Bandwidth is allocated in multiples of 51 Mbit/s and therefore high-order VCAT can be used to provision sub-rate traffic across Gigabit Ethernet. This makes high-order VCAT ideal for the metro application.
Low-Order VCAT
Each path within a group is approximately 1.5 Mbit/s (VT1.5/VC11) or 2 Mbit/s (VT2/VC12). Bandwidth is allocated using the Z7/K4 byte within the path overhead.
Bandwidth is allocated in 2-Mbit/s chunks and therefore low-order VCAT can be used to provision sub-rate traffic across 10/100-Mbit/s Ethernet used in the access network.pppppppppppppppppppp
Virtual Concatenation Group
Several Virtual Tributaries, form part of a Virtual Concatenation Group (VCG).
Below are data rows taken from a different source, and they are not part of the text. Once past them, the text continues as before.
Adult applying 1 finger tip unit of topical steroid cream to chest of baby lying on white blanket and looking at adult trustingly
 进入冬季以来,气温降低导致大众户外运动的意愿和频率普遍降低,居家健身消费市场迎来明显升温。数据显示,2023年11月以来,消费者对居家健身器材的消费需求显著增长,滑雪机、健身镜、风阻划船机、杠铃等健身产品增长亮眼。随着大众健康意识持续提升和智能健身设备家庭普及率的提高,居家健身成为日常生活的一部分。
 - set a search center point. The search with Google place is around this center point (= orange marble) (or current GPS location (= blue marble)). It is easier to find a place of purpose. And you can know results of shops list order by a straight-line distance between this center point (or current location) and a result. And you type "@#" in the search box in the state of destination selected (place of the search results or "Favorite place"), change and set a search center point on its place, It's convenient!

The pragmatic use of spawning Virtual Tributaries to transport data across a VCAT enabled network is the fact that in many cases, particularly when the underlying network is relatively congested, then splitting the traffic over several distinct paths allows us to provide lower cost solutions than if we had to find just one path that meets the required capacity. Chances are this splitting of paths will also allow us to find shorter paths to channel our traffic across.
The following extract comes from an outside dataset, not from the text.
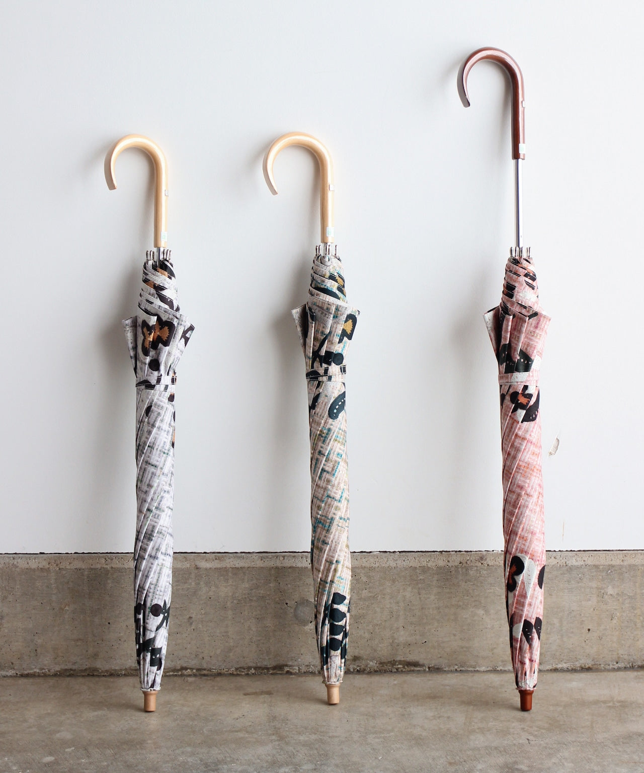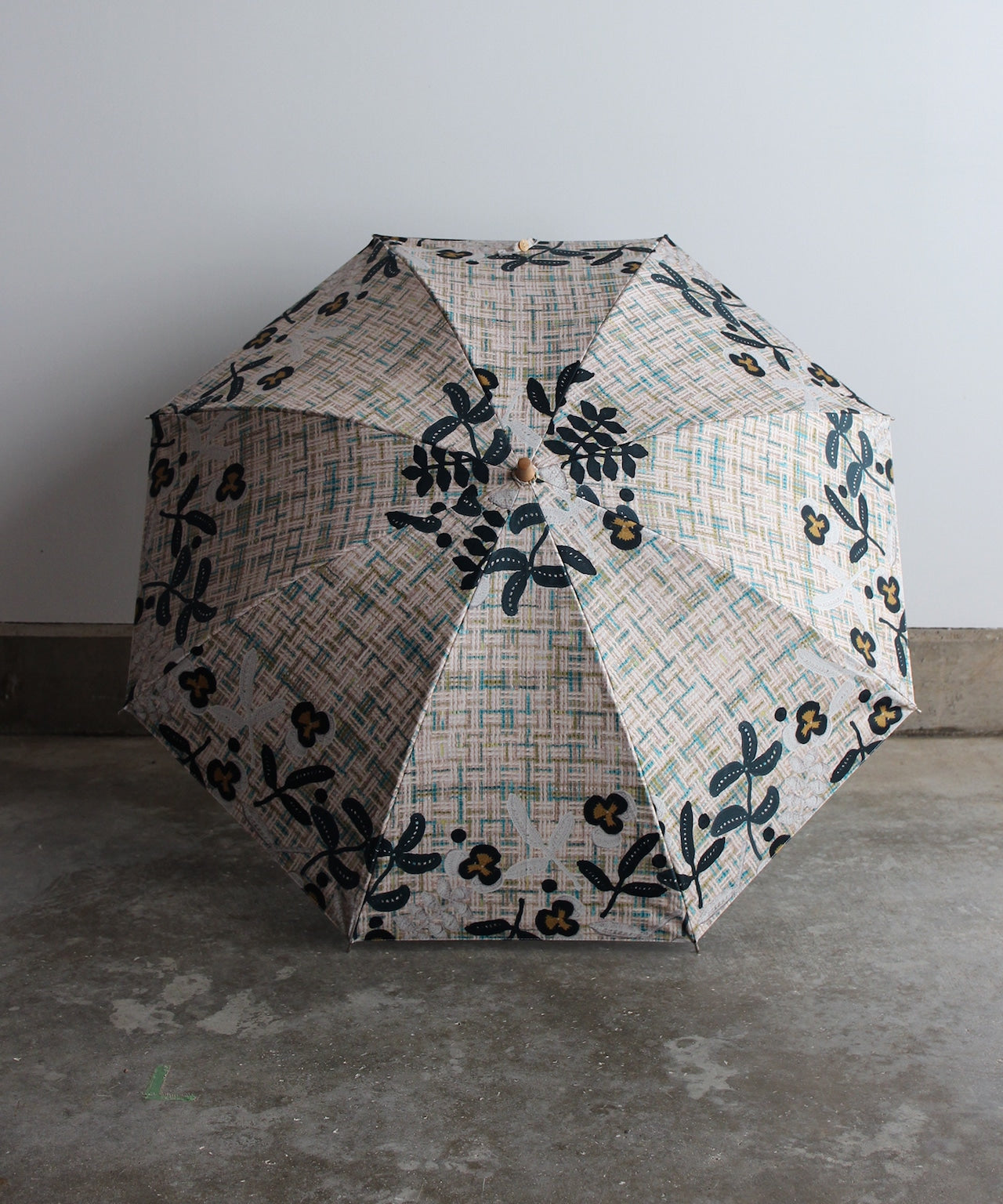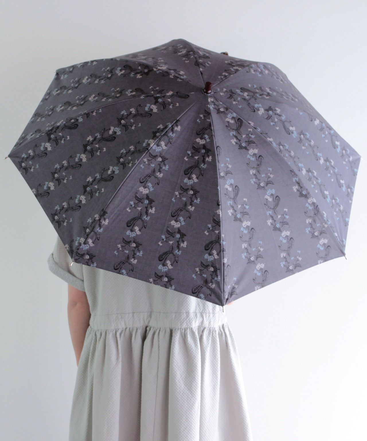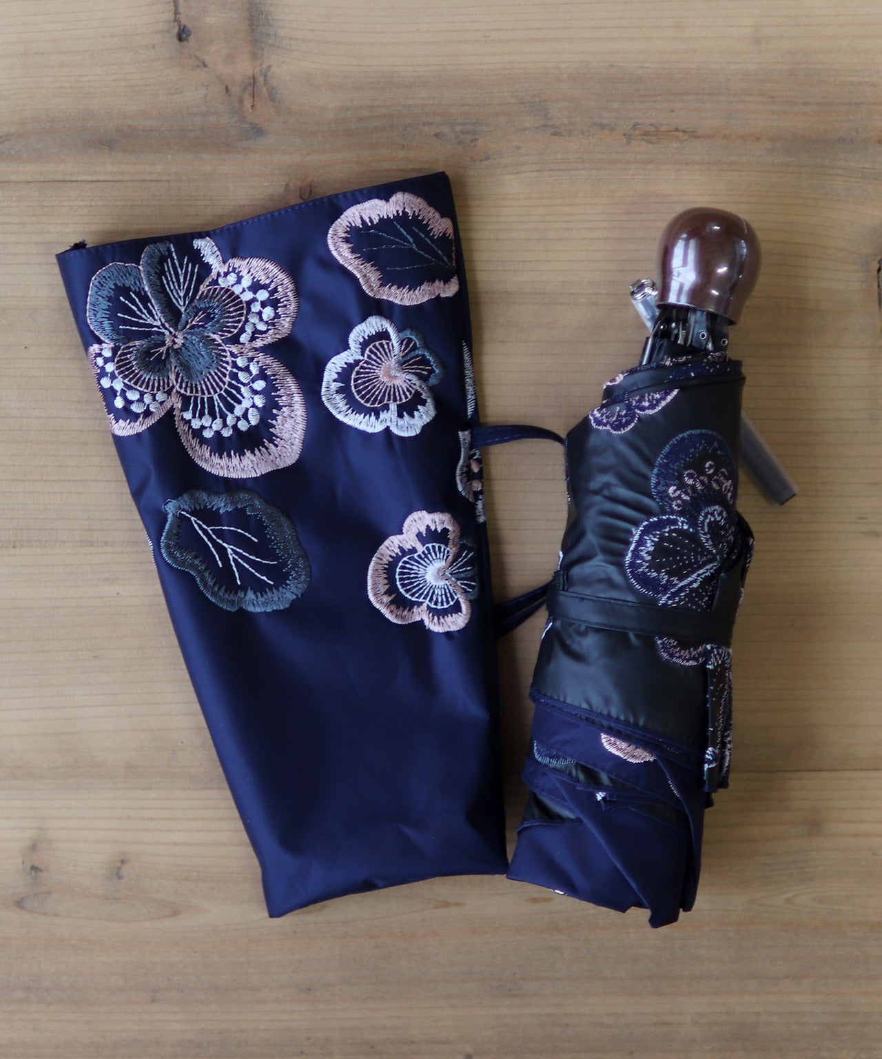 【花壁刺繍プリント】雨天兼用日傘(折りたたみ) (ELS45/ペールグリーン・ライトグレー・ネイビー)

The Virtual Concatenation protocol performs its content delivery through a process called byte-interleaving. For example, given that we wish to provision a Gigabit Ethernet (n, 1Gb/s) service then we would provision it across (7) STS-nc VT’s, where each of the VCG members carry a bandwidth equivalent of V = n/k [bits/second], where in this case n = 1Gb and k = 7. What typically happens is that the data is interleaved such that the first byte is put onto VT1, the second byte is put onto VT2, and so on until the seventh byte is put onto VT7. The process repeats beginning with the eighth byte which is sent out on VT1.
Differential delay
Effectively, this helps a lot with being able to provide services at a lower cost and much faster than contiguous concatenation, it however is intrinsically bound to the problem of differential delay where each path that is created, represented by a VT has a different propagational delay across the network and the difference in these delays is what is known as differential delay (D). The major problem with differential delay is the fact that we require high speed buffers at the receiving node to store incoming information while all paths converge. This buffer space, (B) can be equated to the bandwidth delay product such that B = n * D. So for each Virtually Concatenated connection we would require B bits of buffer space. This need for buffer space eventually increases the network cost, so it is very important to select paths that minimize the differential delay, which is directly proportional to the buffer space required.
Several heuristics based algorithms exist, that attempt to minimize the differential delay to provide a solution. This is not a simple problem to tackle and is referred to mathematically as an NP-complete problem set, for which there exists no known algorithm that finds the optimum solution and terminates in a polynomial time constraint.